There are two ways to fix this. One, enacted by Los Angeles and San Diego schools, is to relax grading standards, creating a “holistic grading” system that virtually eliminates Ds and Fthis is done by  keep giving students chances to improve until they get the right grade. That has the merit of giving feedback to students, but the problem of misleading them into thinking that life works that way.

The other way, which I recommend, is a form of affirmative action that will apply while the harder work gets done: trying to create equal opportunity for everyone starting at birth. And we know that that will take years, a lot of resolve, and buckets of money. But it’s the only permanent fix.

In the meantime, we must at least admit that equity and meritocracy are, at present, not compatible. The more meritocratic your standards, the less equity you get. Then, when we admit this to ourselves, we can set about fixing it. We can’t resolve the problem with tricks like reducing standards and “holistic” grading.

 

47 thoughts on “One of America’s best high schools swaps merit for equity

  1. Would these students be getting Ds and Fs elsewhere? Are they still getting a better education even while getting Ds and Fs? And a different, possibly more positive experience there? Is this about students or about a school’s reputation? I think I’d be more inclined to sully a school’s record if it meant giving someone half a chance at possibly a better life.

    1. A good point. IIRC some much earlier studies (a decade or more ago?) gave an indication that putting kids in AP classes and having them take the test led to better educational outcomes, even for the kids who did poorly on the AP exam. The experience of the more rigorous curriculum and testing helped them grow. A freshman D at Lowell may still indicate the student is learning more there than they would elsewhere; and it may presage sophomore Cs, junior Bs, and senior As for students who would never otherwise get that sort of education.

      But, the flip side is that the students and parents who worked really hard to get into Lowell, and now didn’t, may feel some justified anger over the fact that their kid was denied that opportunity in favor of another kid who is obviously not prepared to be there. I don’t necessarily think that on it’s own would be a reason to change the system back, but I certainly empathize.

    2. A better education while still getting Ds and Fs? Pray tell what could that possibly look like?
      “I graduated from Lowell”, (with straight Ds) won’t cut any ice on a job or college application once it becomes common knowledge that it’s just another California high school. Reputation, you know.

      Never mind the school’s reputation and do make it about students, the bright, motivated students who would have been assured a place in a stimulating, enriched, environment free of behavioural disruption. (That is the appeal of magnet schools, after all. The teacher can teach calculus and analytic geometry without spending all her time helping the kids who can’t get what “x” means in algebra, and won’t stop calling her racist.). They now have to take their chances in the regular city schools. Very well, they will likely excel there, too, and learn a valuable life lesson. Maybe we can induce them to immigrate and pay taxes here.

      I will say that your insouciance about sullying a school’s reputation (which is nothing but the collective diligent work of thousands of people over many years) betrays a bizarre willingness to destroy things that can never be rebuilt.

    3. I had similar thoughts. The whole point of public school is to educate the public. When a school is selective about their admissions, of course they’re going to have better results on standardized tests and grades, but are they really performing the role of a public school anymore?

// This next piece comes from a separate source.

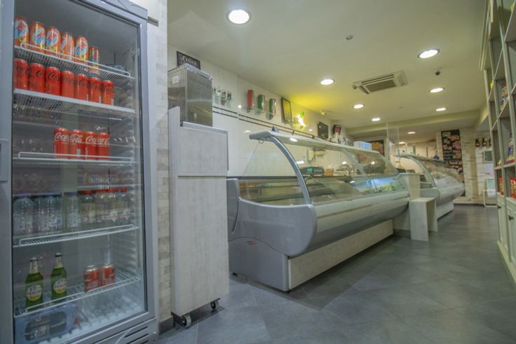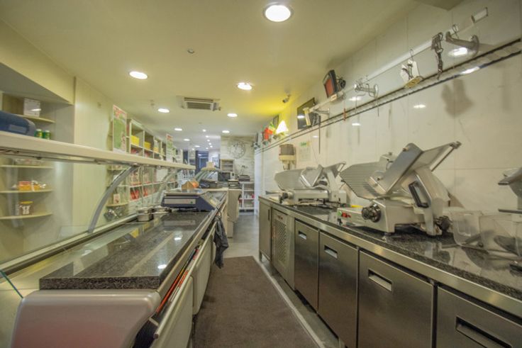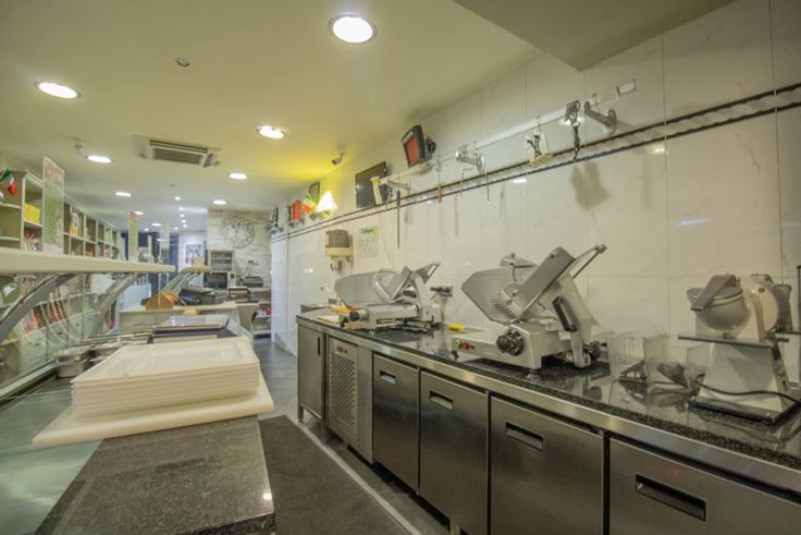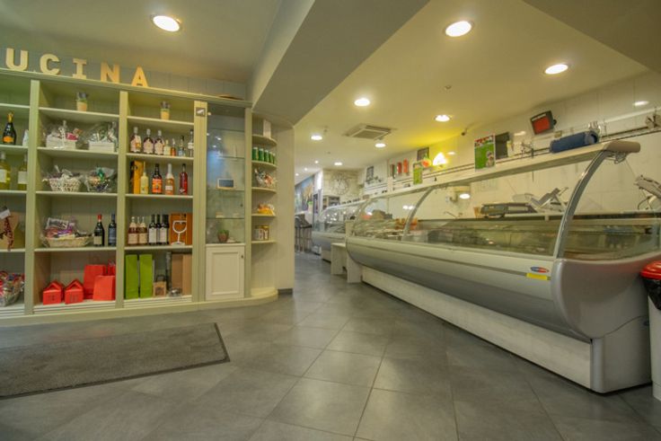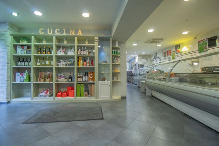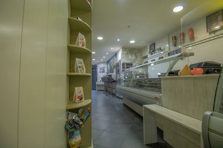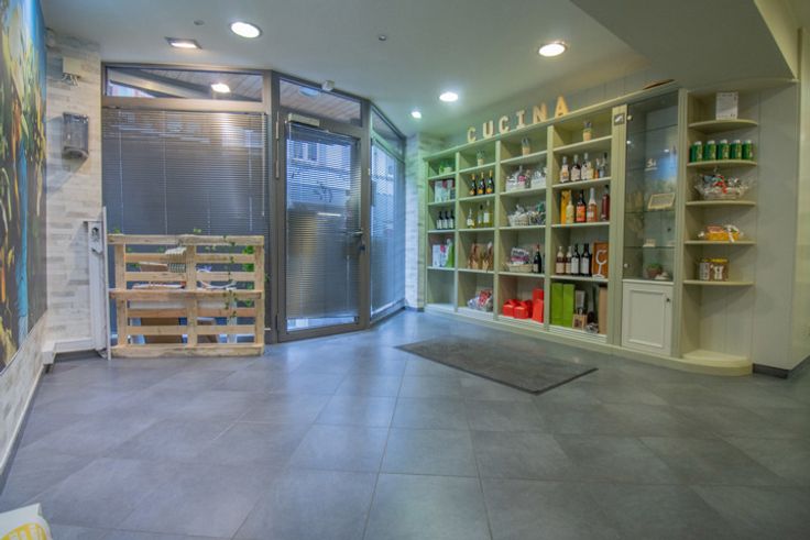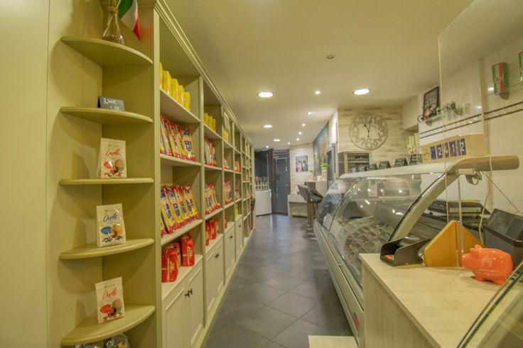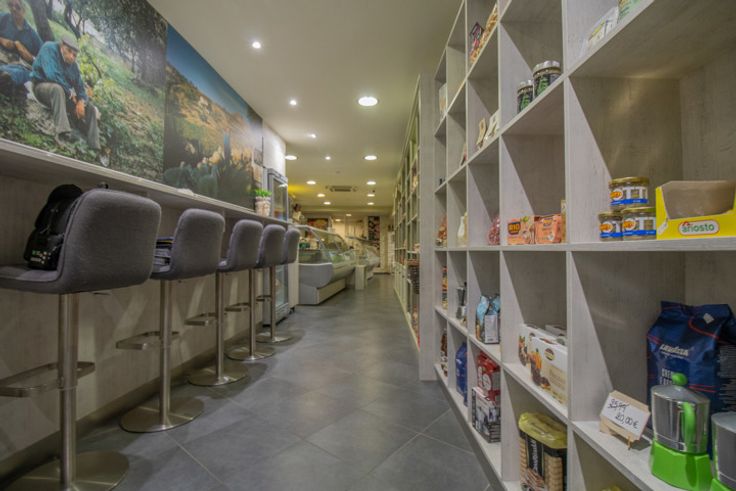 Au rez-de-chaussée, un petit magasin d'alimentation italienne offrant également 6 places sur chaises hautes.

      I understand the other side, though, too, that certain students will do better than other students, and can benefit from accelerated programs. Perhaps magnet schools are a solution to this, but the more cynical side of me sees them as a band-aid for the highly variable quality of public schools in this country. Would magnet schools have the same reputations, or even be needed at all, if all schools were high quality and provided their students with a good education?

      Personal anecdote: I grew up in Pennsylvania and Maryland, and both of my school districts were fantastic. I never seriously considering having to go to a magnet school because the regular schools in those districts were already so good. But then, I moved to Texas for my job, so my daughter went to a public school here, and the quality wasn’t great. I understand the draw of a magnet school here, but believe the far better solution would be to improve the quality of the regular schools. But as PCCe pointed out in his original article, those are major efforts that will take many years to implement (assuming there’s even the political will to do them in the first place). So what do you do if you have a school age child now?

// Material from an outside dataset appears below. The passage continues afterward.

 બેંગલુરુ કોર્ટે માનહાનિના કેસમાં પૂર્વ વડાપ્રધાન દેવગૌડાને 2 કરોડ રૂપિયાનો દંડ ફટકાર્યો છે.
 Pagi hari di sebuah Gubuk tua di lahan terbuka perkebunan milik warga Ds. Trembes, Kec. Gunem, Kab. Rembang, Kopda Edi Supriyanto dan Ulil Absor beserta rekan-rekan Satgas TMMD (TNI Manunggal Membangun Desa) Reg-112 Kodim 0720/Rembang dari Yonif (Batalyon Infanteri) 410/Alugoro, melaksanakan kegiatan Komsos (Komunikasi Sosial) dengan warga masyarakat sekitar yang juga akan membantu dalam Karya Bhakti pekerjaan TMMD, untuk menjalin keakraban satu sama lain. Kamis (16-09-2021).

      1. So what do you do if you have a school age child now?

        We started kiddo in a private school, and then after moving had him in the local system. It’s a small rural district, but they do a surprisingly good job. The teachers have been great. I’m a big believer in ‘most kids will do just fine in most academic settings’. A strong preparation in learning how to learn is more important, imo, than leaving high school knowing something specialized.

      2. “The whole point of public school is to educate the public. When a school is selective about their admissions, of course they’re going to have better results on standardized tests and grades, but are they really performing the role of a public school anymore? . . . if all schools were high quality and provided their students with a good education? . . . But then, I moved to Texas for my job, so my daughter went to a public school here, and the quality wasn’t great. I . . . believe the far better solution would be to improve the quality of the regular schools.”

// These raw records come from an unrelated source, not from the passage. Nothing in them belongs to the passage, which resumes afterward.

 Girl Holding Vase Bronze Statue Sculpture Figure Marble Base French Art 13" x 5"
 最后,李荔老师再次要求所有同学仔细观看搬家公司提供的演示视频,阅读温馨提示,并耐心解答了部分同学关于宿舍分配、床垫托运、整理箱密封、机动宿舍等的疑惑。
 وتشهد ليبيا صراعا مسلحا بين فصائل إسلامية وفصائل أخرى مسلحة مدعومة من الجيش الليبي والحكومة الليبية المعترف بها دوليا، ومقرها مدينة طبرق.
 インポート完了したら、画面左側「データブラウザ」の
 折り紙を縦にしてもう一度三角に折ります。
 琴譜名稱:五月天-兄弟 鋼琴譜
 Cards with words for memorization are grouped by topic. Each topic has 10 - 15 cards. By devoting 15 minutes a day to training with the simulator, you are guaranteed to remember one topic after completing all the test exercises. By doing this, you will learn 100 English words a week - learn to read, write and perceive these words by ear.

        Are you specifically reflecting on/addressing the quality of teachers? If so, do we need better teachers? If so, who are these people who ought to be teachers? Were every teacher a subject-matter Ph.D., would that make the critical difference in public schools?

        (Ph.D.s aren’t qualified to teach K-12 on that basis only. Not even Nobellists, I gather. There are required child development, eucational theory, and classroom management courses. Of course, what with the ongoing juvenilization/infantilization of college students, these courses may be required of university professors down the pike. “I like the way this student is resting her voice, looking up, paying attention.”)

        Is student motivation a contributor to the quality of a school? A highly motivated, self-directed student can occasionally make a teacher somewhat superfluous, no matter how outstanding the teacher At the same time, the public expects that teacher to somehow motivate an oppositionally defiant, obstreperous student. Everyone should have, and seek out, the “privilege” of dealing with that challenge.

        Cultural influences outside the school have a bearing on this.

        Re:

        “Anti-Intellectualism in American Life” – Richard Hofstadter

        “Amusing Ourselves to Death” – Neil Postman

        “The Age of American Unreason” – Susan Jacoby

    4. Even if they are getting a better education – which I doubt – their presence at the school forces teachers to reckon with their lower abilities and, hence, means that other students have a worse education. So their supposed chance removes from other students the chances they would have if the underachieving students were not in the same classroom.

    5. I live in SF. Because of the school’s reputation, people assume it’s provides better education than other SFUSD schools. The truth is that the merit based admissions created a virtuous cycle that produces desired results. The only students that go to the schools are those that take their education very seriously. This eliminates distractions like bad behavior from a few kids that you see at other high schools. This means the best teachers want to teach at this school. IMG Academy only brings in kids that are super serious about athletics and have demonstrated elite ability. The best coaches and trainers want to work with these students. So IMG has great athletic programs.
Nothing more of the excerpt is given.